THE DATA ▸
BEGIN
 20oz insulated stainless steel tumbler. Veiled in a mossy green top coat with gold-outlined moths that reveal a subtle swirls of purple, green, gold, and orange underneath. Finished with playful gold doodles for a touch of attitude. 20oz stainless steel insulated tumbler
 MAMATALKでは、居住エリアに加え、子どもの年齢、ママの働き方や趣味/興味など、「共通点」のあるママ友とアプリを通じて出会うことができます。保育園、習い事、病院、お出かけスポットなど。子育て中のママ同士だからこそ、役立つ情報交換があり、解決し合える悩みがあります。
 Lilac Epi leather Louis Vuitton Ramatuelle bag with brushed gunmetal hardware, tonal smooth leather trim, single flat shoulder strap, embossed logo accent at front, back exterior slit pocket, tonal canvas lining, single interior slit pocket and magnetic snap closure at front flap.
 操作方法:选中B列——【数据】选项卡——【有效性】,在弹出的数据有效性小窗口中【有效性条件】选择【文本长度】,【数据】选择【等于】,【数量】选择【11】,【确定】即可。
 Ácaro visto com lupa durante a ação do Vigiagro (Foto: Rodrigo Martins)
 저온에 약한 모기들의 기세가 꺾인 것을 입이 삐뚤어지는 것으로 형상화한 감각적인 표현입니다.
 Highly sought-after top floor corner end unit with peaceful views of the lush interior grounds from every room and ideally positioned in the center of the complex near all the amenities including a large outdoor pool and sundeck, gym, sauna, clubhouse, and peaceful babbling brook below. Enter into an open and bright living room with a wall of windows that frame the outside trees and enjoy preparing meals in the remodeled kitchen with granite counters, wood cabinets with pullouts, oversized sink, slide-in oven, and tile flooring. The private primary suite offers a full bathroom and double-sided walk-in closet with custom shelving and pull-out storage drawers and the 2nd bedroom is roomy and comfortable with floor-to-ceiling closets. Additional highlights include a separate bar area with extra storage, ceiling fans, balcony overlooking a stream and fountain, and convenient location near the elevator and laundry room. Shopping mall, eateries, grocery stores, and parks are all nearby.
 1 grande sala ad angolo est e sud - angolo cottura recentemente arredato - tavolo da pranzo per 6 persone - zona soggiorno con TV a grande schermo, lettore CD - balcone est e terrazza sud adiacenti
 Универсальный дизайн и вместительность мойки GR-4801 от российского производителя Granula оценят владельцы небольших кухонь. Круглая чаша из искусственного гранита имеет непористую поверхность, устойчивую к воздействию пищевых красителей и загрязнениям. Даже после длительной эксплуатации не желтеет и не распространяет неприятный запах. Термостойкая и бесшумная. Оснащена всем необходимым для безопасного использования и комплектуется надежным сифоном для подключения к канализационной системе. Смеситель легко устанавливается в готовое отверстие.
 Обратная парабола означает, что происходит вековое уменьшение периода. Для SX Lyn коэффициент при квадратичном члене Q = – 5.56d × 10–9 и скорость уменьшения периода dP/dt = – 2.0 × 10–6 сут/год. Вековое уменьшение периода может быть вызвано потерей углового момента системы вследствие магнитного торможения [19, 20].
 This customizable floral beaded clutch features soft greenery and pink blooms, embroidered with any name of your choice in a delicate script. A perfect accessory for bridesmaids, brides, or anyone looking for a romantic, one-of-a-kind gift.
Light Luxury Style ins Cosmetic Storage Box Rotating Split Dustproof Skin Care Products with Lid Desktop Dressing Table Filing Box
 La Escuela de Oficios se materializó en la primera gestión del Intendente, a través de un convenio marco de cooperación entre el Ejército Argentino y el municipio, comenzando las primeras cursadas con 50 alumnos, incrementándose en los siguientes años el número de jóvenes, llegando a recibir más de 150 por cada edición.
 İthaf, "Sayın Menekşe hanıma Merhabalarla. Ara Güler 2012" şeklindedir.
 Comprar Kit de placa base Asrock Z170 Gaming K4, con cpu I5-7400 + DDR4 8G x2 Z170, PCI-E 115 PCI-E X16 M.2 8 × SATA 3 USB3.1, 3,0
END
TASK BRIEF ▸ Copy the records above exactly, beginning at the line that contains "Ácaro visto com" and stopping after the line that contains "저온에 약한 모기들의".

YOUR RESPONSE ▸
 Ácaro visto com lupa durante a ação do Vigiagro (Foto: Rodrigo Martins)
 저온에 약한 모기들의 기세가 꺾인 것을 입이 삐뚤어지는 것으로 형상화한 감각적인 표현입니다.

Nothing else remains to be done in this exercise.